__What you need to do__. Reproduce, word for word, the lines in the material below starting with the one that has "Sitzbänke für Motorräder" and going on through the one that has "جوراب بچگانه نیمساق". Leave out all pictures.

__Supplied information__.
==========
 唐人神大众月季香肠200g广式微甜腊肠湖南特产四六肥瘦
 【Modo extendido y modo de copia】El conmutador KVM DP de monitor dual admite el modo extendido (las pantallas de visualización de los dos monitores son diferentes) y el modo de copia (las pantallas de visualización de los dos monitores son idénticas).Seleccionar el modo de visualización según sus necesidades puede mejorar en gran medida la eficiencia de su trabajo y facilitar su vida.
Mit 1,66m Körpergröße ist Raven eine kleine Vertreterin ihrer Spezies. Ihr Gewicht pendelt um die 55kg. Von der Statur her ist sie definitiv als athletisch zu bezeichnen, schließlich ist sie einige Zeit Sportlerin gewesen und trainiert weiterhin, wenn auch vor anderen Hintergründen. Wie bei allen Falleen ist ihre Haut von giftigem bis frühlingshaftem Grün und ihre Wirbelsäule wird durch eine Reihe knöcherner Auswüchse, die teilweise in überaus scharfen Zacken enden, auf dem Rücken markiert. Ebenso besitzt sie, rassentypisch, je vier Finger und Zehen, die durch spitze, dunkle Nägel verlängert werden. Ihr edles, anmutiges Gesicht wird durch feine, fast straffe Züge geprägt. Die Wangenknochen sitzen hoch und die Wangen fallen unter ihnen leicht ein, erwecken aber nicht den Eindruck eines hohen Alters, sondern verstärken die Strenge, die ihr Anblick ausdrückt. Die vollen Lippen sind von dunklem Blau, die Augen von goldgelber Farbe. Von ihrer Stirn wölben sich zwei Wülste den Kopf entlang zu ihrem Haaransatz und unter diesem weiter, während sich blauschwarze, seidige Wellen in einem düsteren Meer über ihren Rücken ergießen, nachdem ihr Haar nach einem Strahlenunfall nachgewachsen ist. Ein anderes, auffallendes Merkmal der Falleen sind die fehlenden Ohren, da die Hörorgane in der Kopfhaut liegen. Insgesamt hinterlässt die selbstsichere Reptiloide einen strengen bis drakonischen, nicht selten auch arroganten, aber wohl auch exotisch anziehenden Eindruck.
==========
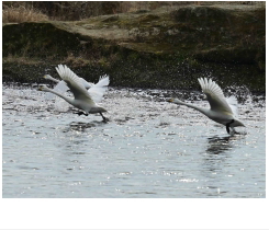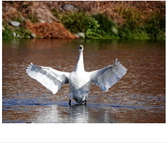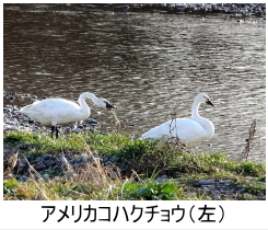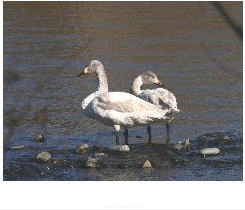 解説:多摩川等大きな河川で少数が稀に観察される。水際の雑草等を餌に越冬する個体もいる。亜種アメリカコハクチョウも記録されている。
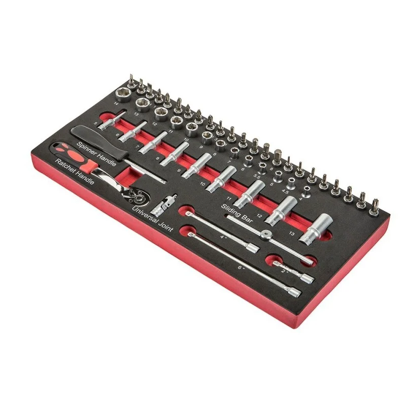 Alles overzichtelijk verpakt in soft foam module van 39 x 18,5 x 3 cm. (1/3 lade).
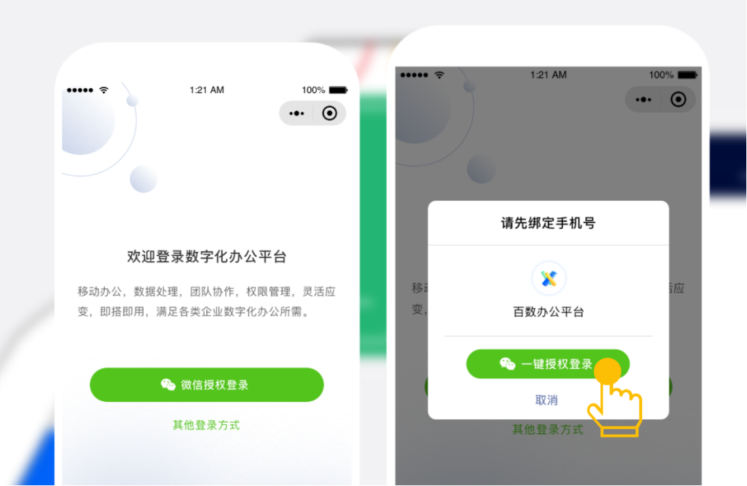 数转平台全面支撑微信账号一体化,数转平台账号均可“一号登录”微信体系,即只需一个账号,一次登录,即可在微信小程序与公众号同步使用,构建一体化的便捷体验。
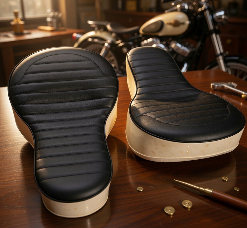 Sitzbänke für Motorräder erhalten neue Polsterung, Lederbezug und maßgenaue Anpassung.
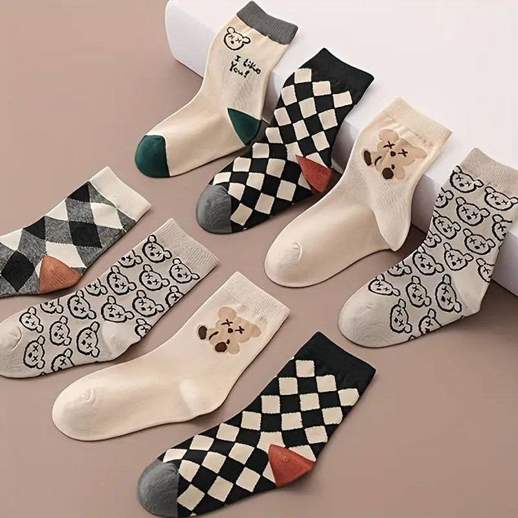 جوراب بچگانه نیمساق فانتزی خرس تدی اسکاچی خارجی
==========
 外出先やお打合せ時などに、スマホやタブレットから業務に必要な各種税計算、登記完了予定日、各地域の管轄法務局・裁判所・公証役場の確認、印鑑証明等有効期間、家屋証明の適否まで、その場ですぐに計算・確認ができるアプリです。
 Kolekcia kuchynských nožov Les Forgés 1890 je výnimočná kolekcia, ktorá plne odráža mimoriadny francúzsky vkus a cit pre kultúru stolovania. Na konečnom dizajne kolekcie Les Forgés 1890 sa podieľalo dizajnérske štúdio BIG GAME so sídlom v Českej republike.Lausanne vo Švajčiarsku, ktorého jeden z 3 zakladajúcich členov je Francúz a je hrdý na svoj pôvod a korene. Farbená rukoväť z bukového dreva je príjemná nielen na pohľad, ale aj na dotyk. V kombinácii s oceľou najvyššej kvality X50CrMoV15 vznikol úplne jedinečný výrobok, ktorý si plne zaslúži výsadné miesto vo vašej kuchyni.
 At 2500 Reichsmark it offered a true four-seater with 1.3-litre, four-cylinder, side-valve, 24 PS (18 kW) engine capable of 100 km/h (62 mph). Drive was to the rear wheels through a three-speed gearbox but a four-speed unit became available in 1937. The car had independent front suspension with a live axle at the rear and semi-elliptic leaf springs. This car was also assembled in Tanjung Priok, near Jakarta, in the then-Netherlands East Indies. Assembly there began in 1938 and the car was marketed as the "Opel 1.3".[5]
==========
__Task solution__.
 Sitzbänke für Motorräder erhalten neue Polsterung, Lederbezug und maßgenaue Anpassung.
 جوراب بچگانه نیمساق فانتزی خرس تدی اسکاچی خارجی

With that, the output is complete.